BEGIN DATA BELOW

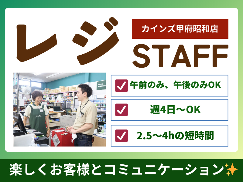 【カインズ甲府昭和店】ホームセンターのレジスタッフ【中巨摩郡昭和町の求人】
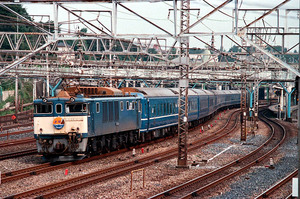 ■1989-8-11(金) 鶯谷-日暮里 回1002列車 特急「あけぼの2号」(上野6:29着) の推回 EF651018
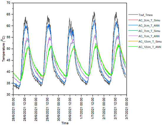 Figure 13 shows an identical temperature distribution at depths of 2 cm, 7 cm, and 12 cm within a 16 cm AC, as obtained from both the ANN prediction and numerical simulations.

END DATA BELOW

● EXERCISE
Leave the images out as you retype each line of the material exactly.

● RESPONSE BELOW
 【カインズ甲府昭和店】ホームセンターのレジスタッフ【中巨摩郡昭和町の求人】
 ■1989-8-11(金) 鶯谷-日暮里 回1002列車 特急「あけぼの2号」(上野6:29着) の推回 EF651018
 Figure 13 shows an identical temperature distribution at depths of 2 cm, 7 cm, and 12 cm within a 16 cm AC, as obtained from both the ANN prediction and numerical simulations.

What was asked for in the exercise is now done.